What if most governors just ignore Trump and maintain the lockdowns in the name of public health? If they do, what will Congress say when it comes time for a new fiscal relief package for residents of states where the shutdowns persist?
I sense from some of the grumbling online about Anthony Fauci today that he’s being set up as the fall guy in MAGAworld for the protracted economic pain. Fauci didn’t help himself by giving an interview recently in which he dared to suggest that our president often says things that are “unhelpful” (“I can’t jump in front of the microphone and push him down”). But before we blame this week’s unemployment numbers on him, let’s please note that there’s virtual unanimity among doctors and other experts that aggressive social distancing is the right move — including Trump’s own former head advisor on pandemics:
The strategy was developed carefully in 2005-2007. It considered economic and social costs and contemplated a targeted, layered mitigation approach that would be implemented in a staggered fashion where and when needed. That was the initial conception, and it remains sound.
— Thomas P. Bossert (@TomBossert) March 23, 2020
Accepting an unmitigated spread was not a credible or even practical option.
— Thomas P. Bossert (@TomBossert) March 23, 2020
In hot spots, the containment effort ahead will require different testing, isolation, and quarantine standards in highly seeded areas. The deescalation and slow return effort will require serious contact tracing, testing capacity, and ideally a serological blood test.
— Thomas P. Bossert (@TomBossert) March 23, 2020
That said, this is a balance. We must release the clamp on our economy, objectively speaking. The trick will be doing it carefully and in different degrees depending on the locality.
— Thomas P. Bossert (@TomBossert) March 23, 2020
I continue not to understand what the “let’s get back to work” people imagine will happen to the economy if Trump starts relaxing restrictions next week.
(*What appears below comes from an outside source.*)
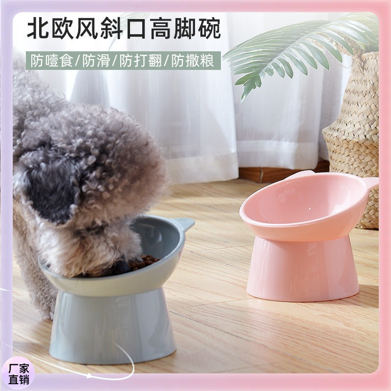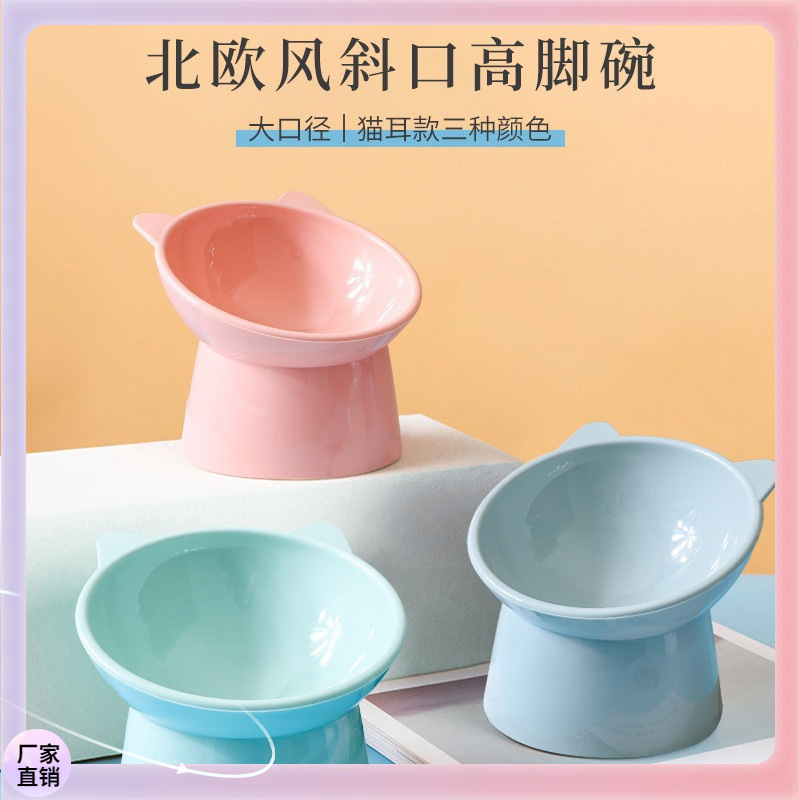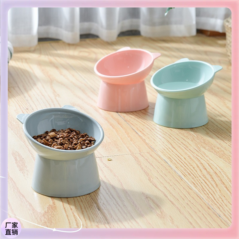 猫碗高脚护颈斜口碗喂猫粮碗宠物食具 狗狗猫咪食盆防打翻宠物

There’ll be an initial surge on Wall Street, hiring will restart, and then … what? What happens to the Dow and to GDP as the illness spreads and starts taking people out? What’s the “let’s get back to work” solution when millions are too sick to physically go back to the job? And I don’t just mean office workers. I mean cops.
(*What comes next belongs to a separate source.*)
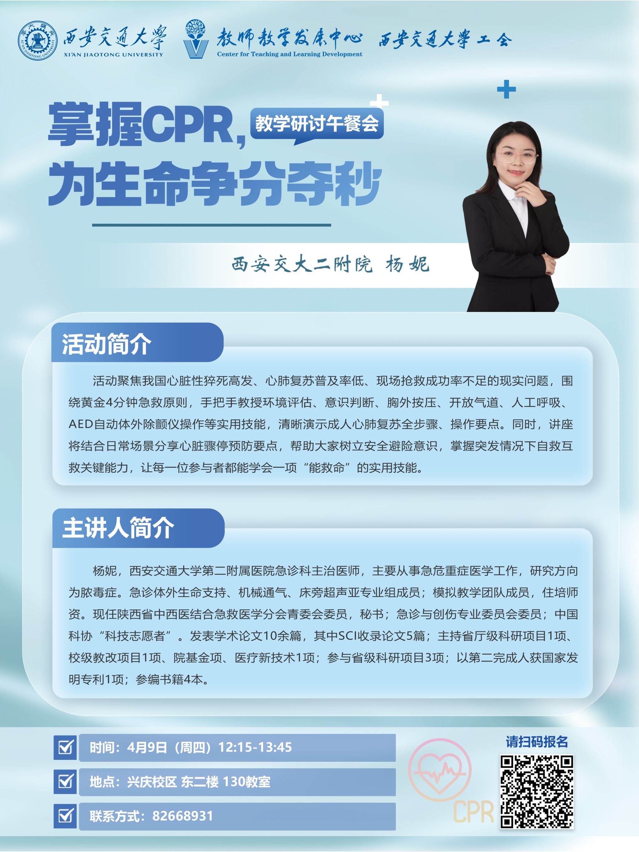 活动聚焦我国心脏性猝死高发、心肺复苏普及率低、现场抢救成功率不足的现实问题,围绕黄金4分钟急救原则,手把手教授环境评估、意识判断、胸外按压、开放气道、人工呼吸、AED自动体外除颤仪操作等实用技能,清晰演示成人心肺复苏全步骤、操作要点。同时,讲座将结合日常场景分享心脏骤停预防要点,帮助大家树立安全避险意识,掌握突发情况下自救互救关键能力,让每一位参与者都能学会一项“能救命”的实用技能。

But yeah, of course we can’t stay in a deep freeze forever. That’s why boosting detection in the form of more testing, urgently, is so important. Exit quotation from this depressing Times piece: “If it were possible to wave a magic wand and make all Americans freeze in place for 14 days while sitting six feet apart, epidemiologists say, the whole epidemic would sputter to a halt.” Good luck with that.
“If you are irresponsible enough to think that you don’t mind if you get the flu, remember it’s not about you – it’s about everybody else.”